In 1944 National Iron Works moved to its present location at 28th Street and Harbor Drive on San Diego Bay, and in 1949 the company was renamed National Steel and Shipbuilding Co. to reflect its expansion into ship construction. In 1959 the company was acquired by four corporations, including Kaiser Industries and Morrison-Knudsen. In 1979 Morrison-Knudsen bought out Kaiser's share, and in 1989 management acquired the company from Morrison-Knudsen via an employee stock ownership plan.
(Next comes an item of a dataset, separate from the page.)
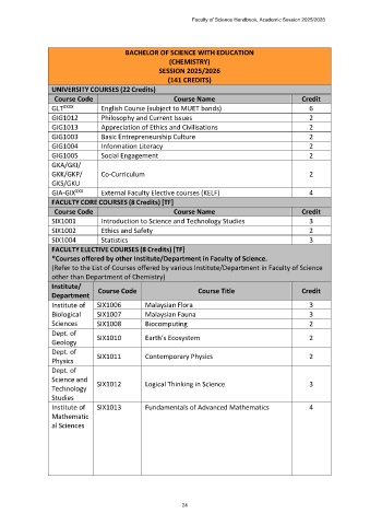 (Refer to the List of Courses offered by various Institute/Department in Faculty of Science
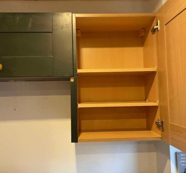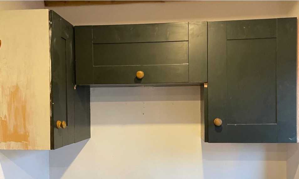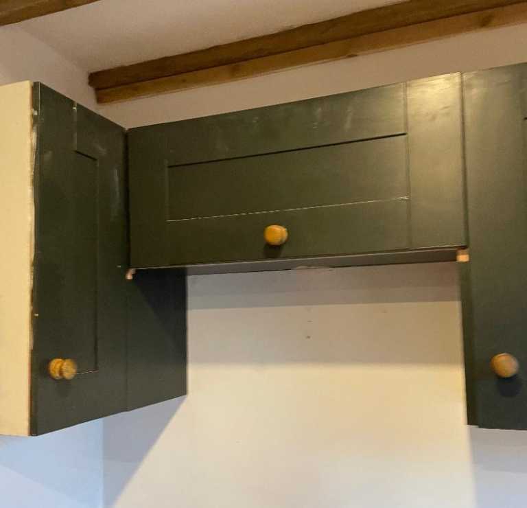 3 kitchen cabinets painted dark green with wooden handles. All dismantled and ready to collect.

In 1940 the company's ironworkers organized into a union. By 1979 the company had 7,900 employees organized into six unions. There was a labor strike in 1988 in which employees demanded a minimal wage of $12 per hour. Another 25-day-long strike in 1992 resulted in workers returning to work without a contract. In 1996, another labor strike hit the company. Around 2,700 employees didn't show up at work while 50 marched in front of the company with picket signs.

In 1998 General Dynamics bought NASSCO in a $415 million deal.

On October 31, 2011 General Dynamics-NASSCO acquired Metro Machine Corp, a surface-ship repair company in Norfolk, Virginia, and renamed it NASSCO-Norfolk. The company had been conducting ship repairs and conversions for the U.S. Navy since 1972. The NASSCO-Norfolk shipyard had the newest dry dock in the country, with two auto-start generators, automated ballast control system and automated ship hauling and centering system.

Work done

NASSCO began building commercial cargo ships in 1959, eventually including large cargo ships and Alaska-class oil tankers. Its most famous commercial ship was the Exxon Valdez tanker, which completed construction at NASSCO in 1986, and in 1989 returned to NASSCO for repairs after its accident and oil spill in Alaska. In December 2012 the company signed a contract to build two  container ships powered by liquefied natural gas (LNG). When completed they will be the largest LNG-powered ships of any kind in the world.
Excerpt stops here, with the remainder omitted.